## LAB Assignment
Please finish the **Exercise** and answer **Questions**.
### Exercise (100 Points)
In this lab, our goal is to write a program to segment different objects using the **GMM and EM** algorithm. We also use <u>*k-means* clustering algorithm to initialize the parameters</u> of GMM. The following steps should be implemented to achieve such a goal:

1. Load image
2. Initialize parameters of GMM using K-means
3. Implement the EM algorithm for GMM
4. Display result

#### Load Image
What you should do is to implement Z-score normalization in `load()`:

In [1]:
# Dependency
import numpy as np
from scipy.stats import multivariate_normal
from sklearn.cluster import KMeans
import tqdm

from PIL import Image

COLORS = [
    (255, 0, 0),   # red
    (0, 255, 0),  # green
    (0, 0, 255),   # blue
    (255, 255, 0), # yellow
    (255, 0, 255), # magenta
]

In [10]:
import cv2

def loadImage(image_path):
    image = np.array(cv2.imread(image_path))
    h, w, c = image.shape
    image = image.reshape((h*w, c))

    _mean = np.mean(image, axis = 0)
    _std = np.std(image, axis = 0)
    # TODO: please normalize image_pixl using Z-score
    normed_img = (image - _mean)/_std
        
    return h, w, c, normed_img


In [11]:
def kmeans(n_cluster, image_pixl):
    kmeans = KMeans(n_clusters=n_cluster)# instantiate a K-means
    labels = kmeans.fit_predict(image_pixl)# fit and get clustering result
    initial_mus = kmeans.cluster_centers_# get centroids
    initial_priors, initial_covs = [], []
    #Followings are for initialization:
    for i in range(n_cluster):
        datas = image_pixl[labels == i, ...].T
        initial_covs.append(np.cov(datas))
        initial_priors.append(datas.shape[1] / len(labels))
        
        
    return initial_mus, initial_priors, initial_covs

In [12]:
class GMM:
    def __init__(self, ncomp, initial_mus, initial_covs, initial_priors):
        """
        :param ncomp:           the number of clusters
        :param initial_mus:     initial means
        :param initial_covs:    initial covariance matrices
        :param initial_priors:  initial mixing coefficients
        """
        self.ncomp = ncomp
        self.mus = np.asarray(initial_mus)
        self.covs = np.asarray(initial_covs)
        self.priors = np.asarray(initial_priors)

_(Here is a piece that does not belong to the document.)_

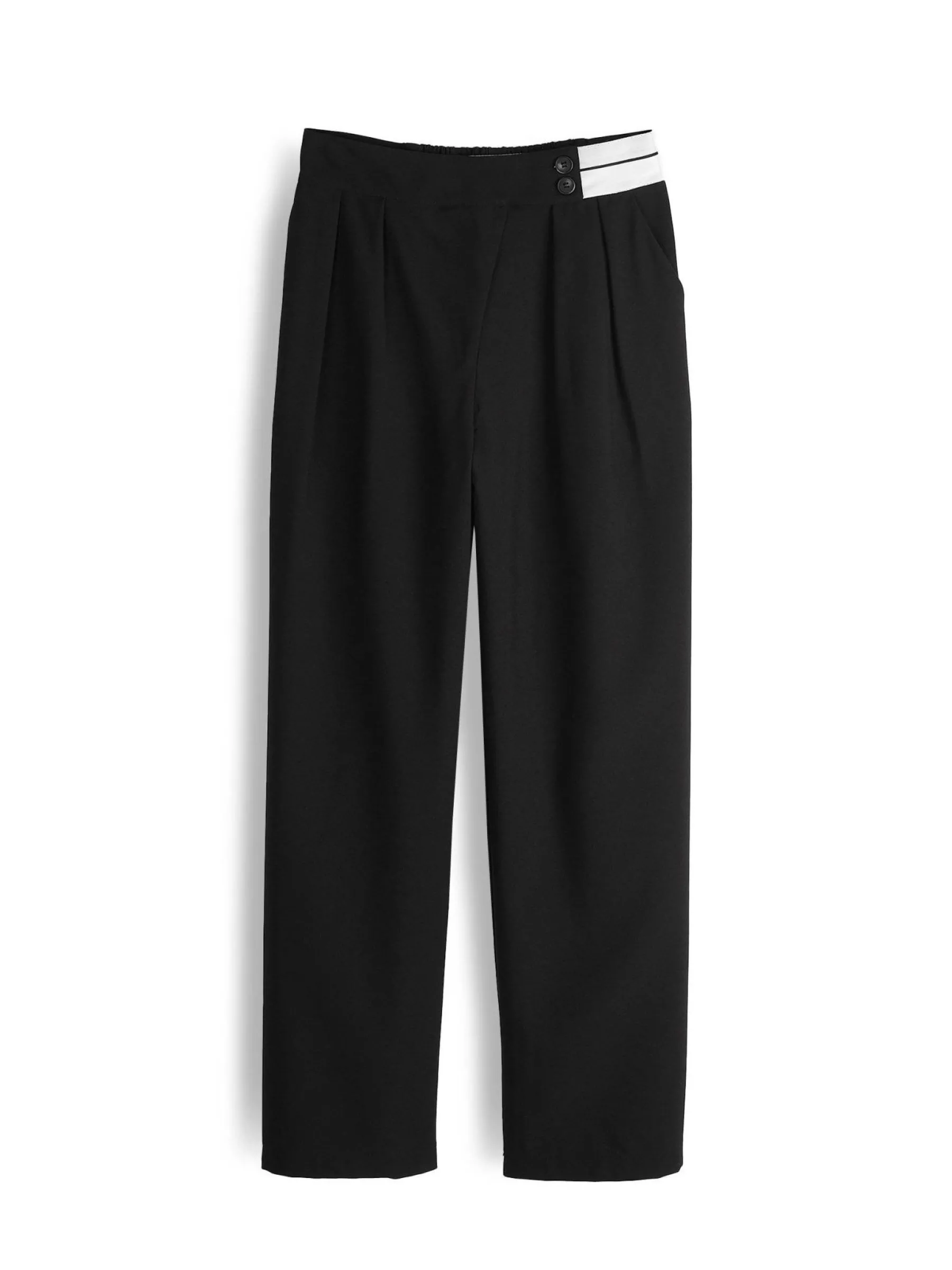 Kolor: czarnyKrój: szerokieTyp: spodnieDługość: dlugiePattern style: pojedynczy kolorDetal: na guzikiMateriał: mies…

    def inference(self, datas:np.ndarray):
        """
        E-step
        :param datas:   original data
        :return:        posterior probability (gamma) and log likelihood
        """
        probs = []
        self.mus = datas[np.random.choice(datas.shape[0], 5)]
        self.covs = np.full(fill_value = 0.1, shape = (self.ncomp, 3, 3))
        self.priors = np.repeat(1/self.ncomp, self.ncomp)
        for i in range(self.ncomp):
            mu, cov, prior = self.mus[i, :], self.covs[i, :, :], self.priors[i]
            # 出现在 cls = i 的概率
            prob = prior * multivariate_normal.pdf(
                datas, mean=mu, cov=cov, allow_singular=True
            )
            probs.append(np.expand_dims(prob, -1))
        
        # 生成一个 N * n_cls 的矩阵
        preds = np.concatenate(probs, axis=1)

        # TODO: calc log likelihood
        log_likelihood = np.sum(np.log(np.sum(preds, axis=1)))

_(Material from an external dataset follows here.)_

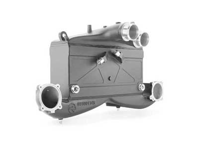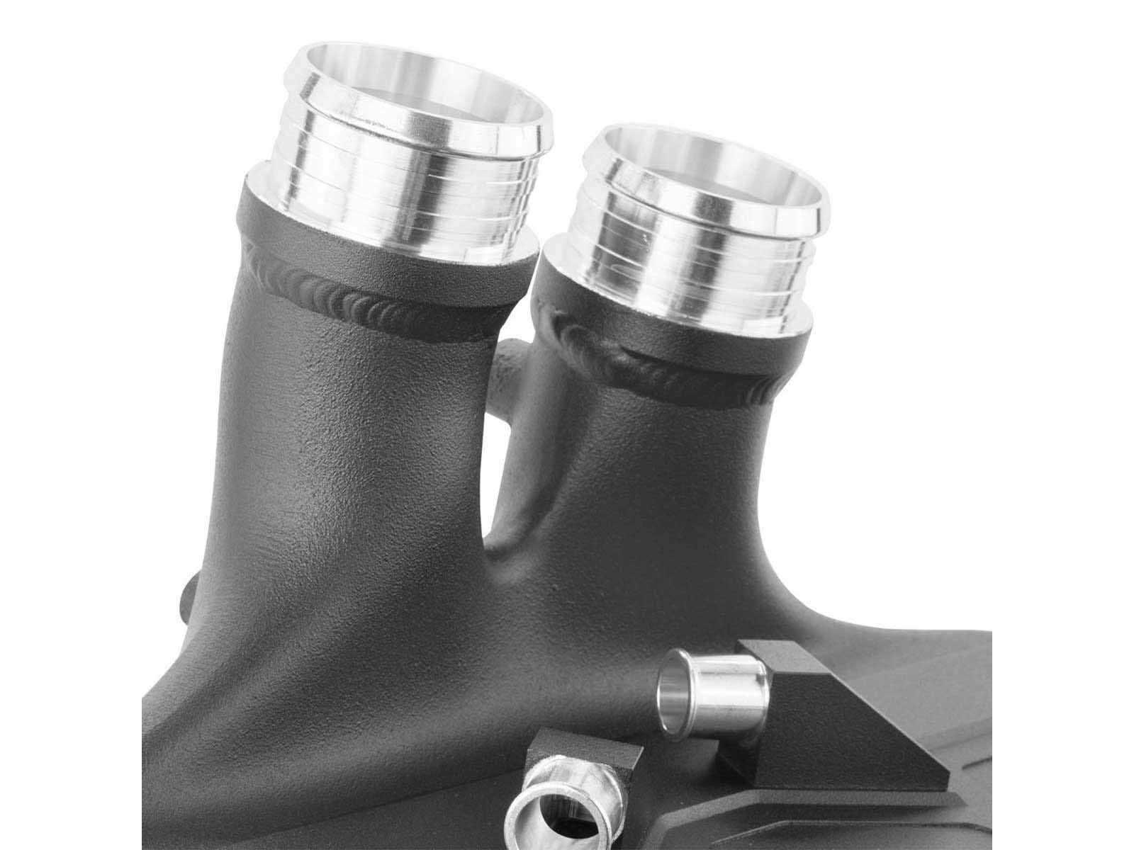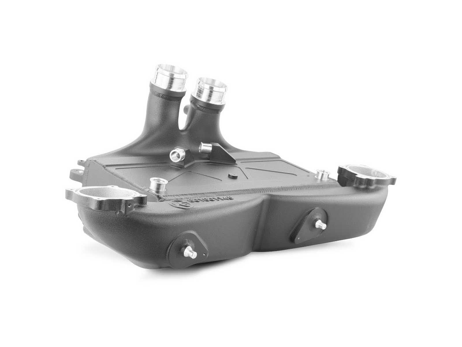 Superior cooling performance & less back pressure: The specially developed high-performance intercooler core ensures outstanding cooling properties even under extreme conditions. The precisely CAD-designed free-form end boxes made of high-quality cast aluminum guarantee optimal internal airflow and reduce back pressure by an astonishing 34%.

        # TODO: calc gamma
        gamma = np.ndarray((datas.shape[0], self.ncomp))
        summ = np.sum(preds, axis=1)
        for i in range(0, datas.shape[0]):
            for j in range(0, self.ncomp):
                gamma[i, j] = (self.priors[j] * preds[i, j])/summ[i]

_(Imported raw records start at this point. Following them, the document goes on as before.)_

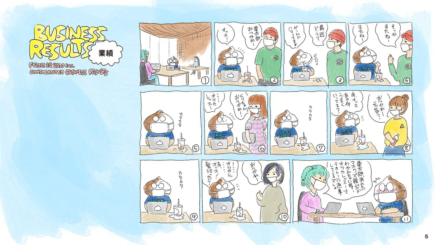 今回(2022年3月期第1四半期)は、架空のキャラクター「栗太郎」をとりまく新オフィスでの日常生活をゆるいタッチで描いたオリジナルの漫画を計4本掲載。澤田社長のヘアスタイルを彷彿とさせるシルエットや、澤田社長が栗太郎と同じデザインのTシャツを決算説明会で身につけていたことから、栗太郎のイメージモデルは澤田社長と考えられるが、同社広報はコメントを差し控えている。
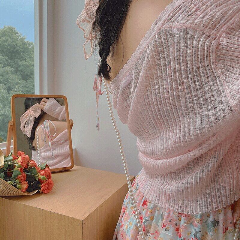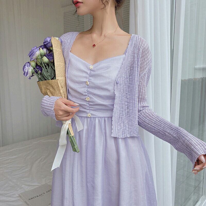くすみカラーのカーディガン。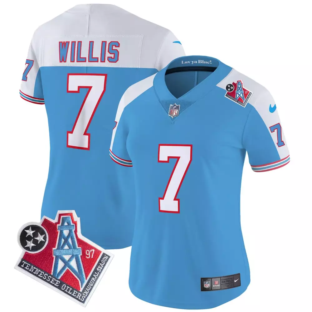 Malik Willis Men’s Titans Throwback White Alternate Limited Vapor Jersey | All Stitched Fan Gear | For Men, Women & Youth;Malik Willis Split Men’s Titans 1997 Throwback Limited Vapor Jersey | All Stitched Fan Gear | For Men, Women & Youth;Malik Willis Women’s 1997 Throwback Titans Jersey | Limited Edition Stitched Vapor | Game Day Outfit for All Fans | For Men, Women & Youth;Malik Willis Women’s 1997 Throwback Titans Jersey | Limited Edition Stitched Vapor | Game Day Outfit for All Fans | For Men, Women & Youth;Malik Willis Women’s Special Vapor Titans Jersey | Limited Edition Stitched Design | Perfect Fan Gear for Game Day | For Men, Women & Youth

        return gamma, log_likelihood

    def update(self, datas:np.ndarray, gamma):
        """
        M-step
        :param datas:   original data
        :param gamma:    gamma
        :return:
        """
        new_mus, new_covs, new_priors = [], [], []
        labels = np.argmax(gamma, axis=1)
        soft_counts = np.sum(gamma, axis=0)
        
        (N, dimension) = datas.shape
        
        
        for i in range(self.ncomp):
            # TODO: calc mu
            X_ks:np.ndarray = datas[labels == i]
            N_i = X_ks.shape[0]
            if(N_i == 0):
                continue
            
            new_mu = np.zeros((dimension, ))
            for n in range(N):
                new_mu += gamma[n, i]*datas[n]
                
            
            new_mu /= N_i
                
            new_mus.append(new_mu)
            # TODO: calc cov
            new_cov = np.ndarray((dimension, dimension))
            for n in range(N):
                new_cov += gamma[n, i]*((datas[n] - new_mus[i]) * (datas[n] - new_mus[i]).T)
            
            
            new_covs.append(new_cov)

            # TODO: calc mixing coefficients
            new_prior = N_i/N
            new_priors.append(new_prior)
            

        self.mus = np.asarray(new_mus)
        self.covs = np.asarray(new_covs)
        self.priors = np.asarray(new_priors)
        

    def fit(self, data, iteration):
        prev_log_liklihood = None

        bar = tqdm.tqdm(total=iteration)
        for i in range(iteration):
            gamma, log_likelihood = self.inference(data)
            self.update(data, gamma)
            if prev_log_liklihood is not None and abs(log_likelihood - prev_log_liklihood) < 1e-10:
                break
            prev_log_likelihood = log_likelihood

            bar.update()
            bar.set_postfix({"log likelihood": log_likelihood})         
     

#### Display
We use `matplotlib` to display what we segment, you can check the code in `visualize()`

In [13]:
from PIL import Image
import matplotlib.pyplot as plt


def visualize(gmm, image, ncomp, ih, iw):
    beliefs, log_likelihood = gmm.inference(image)
    map_beliefs = np.reshape(beliefs, (ih, iw, ncomp))
    segmented_map = np.zeros((ih, iw, 3))
    for i in range(ih):
        for j in range(iw):
            hard_belief = np.argmax(map_beliefs[i, j, :])
            segmented_map[i, j, :] = np.asarray(COLORS[hard_belief]) / 255.0
            
            
    plt.imshow(segmented_map)
    plt.show()
    
    

h, w, c, image = loadImage("/Users/mulikas/Codes/CS405 ML/Lab/Lab12.GMM clustering 2/data/original/sample.png")
n = image.shape[0]

n_cls = 3

initial_mus, initial_priors, initial_covs = kmeans(n_cls, image)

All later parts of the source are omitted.